Fashion
The Jilly Cooper Effect Has Hit Fashion
If you’re currently devouring the shoulder pads, pussy-bows and pie-crust collars with as much relish as the sexually-charged plot lines while watching Rivals, then you’re in good company. The fashion in the Disney+ adaptation of Jilly Cooper’s ’80s literary romp is as deliciously Lurex laden as one would hope from a period piece about power plays in power silhouettes. Call us nostalgic, but do some of the Quality Street-coloured peplums, ruched leg-of-mutton sleeves and Pat Butcher-esque costume jewellery actually kind of work? Perhaps we’ve been blinded by all the bonking (sex appeal is, after all, one of the biggest trends of next season!), but several big-name brands also concur that there’s much to reassess in the bold, brash style tropes of a decade that celebrated excess.

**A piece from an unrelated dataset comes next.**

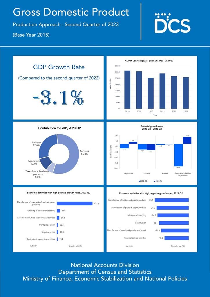 Issuing a communiqué, on releasing National Accounts Estimates, the DCS states that the year on year GDP growth rate for the second quarter of 2023 has been estimated as 3.1 percent of negative growth rate, against the value reported in the same quarter in the year 2022.

“In the period that we live in, it’s always a comeback to something else,” said Nicolas Di Felice of the industry’s cyclical nature. While the Courrèges designer, like Pieter Mulier at Alaïa, experimented with the idea of continuous loops in clothes, time-travelling creative Nicolas Ghesquière landed slap back in the ’80s via the Renaissance. It worked! His exaggerated cinched and puffed-sleeved Louis Vuitton pieces came in colour-pop stripes with fistfuls of beaded necklaces jangling down the chevrons. “If you don’t put yourself in aesthetic danger every season, you’re not playing the game of fashion,” Ghesquière told Vogue. Brave is the LV ambassador (Zendaya, perhaps?) who will take those zingy pedal-pushers for a spin next spring.
But then again, Londoners – who already swear by Talia Byre’s Dennis the Menace-striped tops for off-kilter daywear – will also be doubling down on her signature print with matchy-matchy draped jersey tops and leggings that called to mind the fitness aesthetic of the more-is-more era. Vogue staffers are already plotting out their pre-orders for the – wait for it – wrap dress that’s bounding into view (as well as Dennis, Byre was inspired by the feel-good Pantones of cartoon favourites Scooby-Doo and The Flintstones).
The easiest way to tap into the ’80s resurgence is to size up your suiting. Saint Laurent was one of the most lauded shows across the board, thanks to Anthony Vaccarello’s homage to the house founder’s signature boss-man tailoring, complete with bookish spectacles worn on the runway by Bella Hadid. God that layered-up look – think: aviators, bombers and trenches thrown over louche office separates – had swagger. Almost as much as the brocade and lace eveningwear centred around boxy jackets with shoulder pads that jutted out (excellent for bagging your spot at the bar) and ruffled miniskirts in canary colourways. If Saint Laurent has, in past seasons, been the progenitor of naked dressing, the YSL woman is now letting her inner maximalist loose. Finally, she won’t be cold.
Stella McCartney also read the strong-shouldered suit and capacious trench coat memo, and proved that great design never comes second to the environmental manifesto she has always made a priority. Editor favourite Julien Dossena continued the piled-on aesthetic he does so well at Rabanne, with foil-decorated basics under big sheeny blazers for a futuristic spin on tailored-but-fabulous fashion. And there were flashes of Jane Fonda-esque style – from Miu Miu’s stacked belts to Vivienne Westwood’s leotards over leggings – elsewhere during a month that left the notion of quiet luxury in the dust. Like Jilly Cooper – sorry, we mean fellow ’80s icon Cyndi Lauper – would say, girls just wanna have fun for spring/summer 2025.